The state pension isn’t sufficient for most individuals if it stands as their sole source of income. I can cope solely due to my favorable conditions.
The steady rise in the retirement age for receiving a state pension has turned into something of a mockery, especially for those who have spent their careers in low-paying, labor-intensive positions. Many face health issues as early as their fifties and find it difficult to continue working past the age of 60.
If I had significantly more funds, I’d purchase an apartment in Glasgow for my youngest son to reside in. I would enroll in a photography program at Falmouth University and allocate resources towards either securing access to or establishing a music studio.
Five years back, I managed to purchase my two-bedroom apartment in Scotland without taking out a mortgage shortly before the pandemic began; this happened after selling my property in Cornwall.
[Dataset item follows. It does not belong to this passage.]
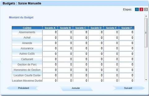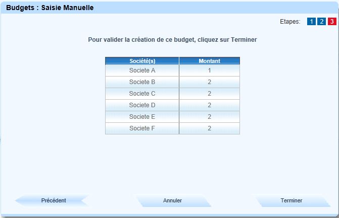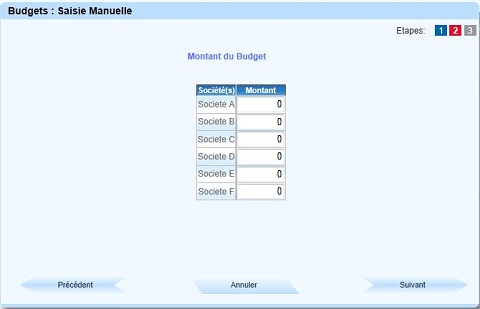 | Saisie d'un budget global par société | Saisie d'un budget par produit par société | |||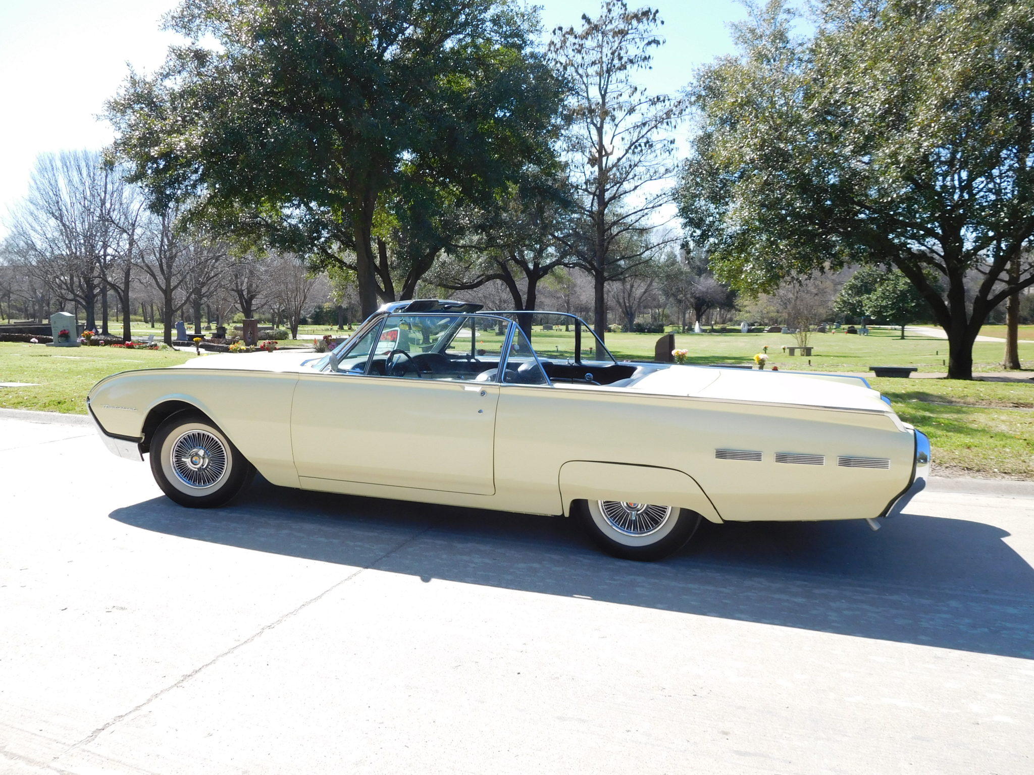 The 14” wheels wear wire covers with faux-knock offs and are mounted with Coker Classic wide whitewall tires. Service to the brakes performed during current ownership is said to have included replacing the booster, master cylinder, brake drums, shoes, wheel cylinders.

Living in Scotland has been a long-held dream of mine, and I am thoroughly enjoying it. The local people are very welcoming, plus I have easy access to the coast nearby. Life is fulfilling for me now as I indulge in activities like hiking, jogging, exploring new places, making music, and even swimming in the ocean.
I currently have CAD 10,700 saved up, which I’ve decided to put into Premium Bonds. This year, I’ve won CAD 175 in prizes. The previous year, my winnings wereCAD 350, and in 2023 they amounted to CAD 450. I’ll need to withdraw some of these funds for replacing the boiler and possibly updating the windows and installing a new kitchen. Besides this amount, I do not hold any additional savings and prefer not to invest in stocks and shares.
It feels incredibly wonderful to have zero mortgages and debts. Finally, I experience financial freedom and can allocate funds towards necessities or desires. Soon, I will be traveling from Edinburgh to Sweden, followed by Denmark, where I’ll participate in two parkrun events with my sister’s running group. Thankfully, I can cover lodging and flight costs using my earnings without any stress.
Staying fit and healthy is my main focus. About 13 years back, I underwent a highly effective hip replacement through the NHS. Despite financial challenges being common for many individuals, I feel it’s crucial for them to make an effort to lead fulfilling lives. Those facing monetary difficulties might also reflect on whether owning a vehicle is necessary. Personally, not having a car allows me to encounter more people, listen to their experiences, and engage in more intriguing adventures!